Toutefois, l’idée de mettre en place les statistiques ethniques n’est pas retenue : le débat avait été relancé par Sibeth Ndiaye peu avant l’allocution du Président de la République…

La haine en ligne est aussi un point sur lequel les auteurs du rapport portent une attention particulière. La CNCDH recommande depuis plusieurs années à l’État français de se doter d’une autorité indépendante de régulation, qui serait notamment chargée de prévenir et de répondre rapidement, et de manière adaptée, aux discours de haine sur Internet.

Enfin, le Président Jean-Marie Burguburu appelle l’ensemble des citoyens à agir. À la manière du Général de Gaulle, il lance « un appel du 18 juin ». « Il faut lutter contre le racisme parce que même lorsqu’on croit que les choses vont mieux, elles ne le sont pas forcément (…) La lutte contre le racisme, ce n’est pas que le travail des spécialistes, c’est le devoir de chacun. En le faisant, nous ne faisons que respecter la devise de notre République : Liberté, Égalité, Fraternité ».

D’après 20 Minutes, Yahoo, La Croix, et  la publication d’Ariel Guez, le 18 juin 2020, dans Public Sénat


1 Fondée en 1947 à l’initiative de René Cassin, la Commission nationale consultative des droits de l’homme est l’Institution nationale de protection et de promotion des droits de l’homme, accréditée de statut A auprès des Nations Unies.

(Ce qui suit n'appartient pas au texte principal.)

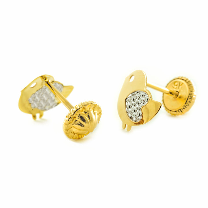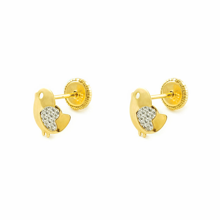 Pendientes Niña Mujer oro Bicolor 9K Pajaro Brillo y Textura

2 Au Sénat français, le GRCE, groupe républicain, citoyen et écologiste, est un groupe parlementaire rassemblant historiquement des sénateurs issus du Parti communiste français.

3 Une caméra-piéton, aussi appelée caméra mobile ou caméra d’intervention, est une caméra légère et compacte attachée à la poitrine ou à l’épaule d’un agent des forces de l’ordre pour enregistrer les interactions avec le public, voire des scènes de délit ou de crime. 

4 Pap Ndiaye est spécialiste d’histoire sociale des États-Unis, particulièrement des minorités. Il s’intéresse également aux situations minoritaires en France (histoire et sociologie des populations noires).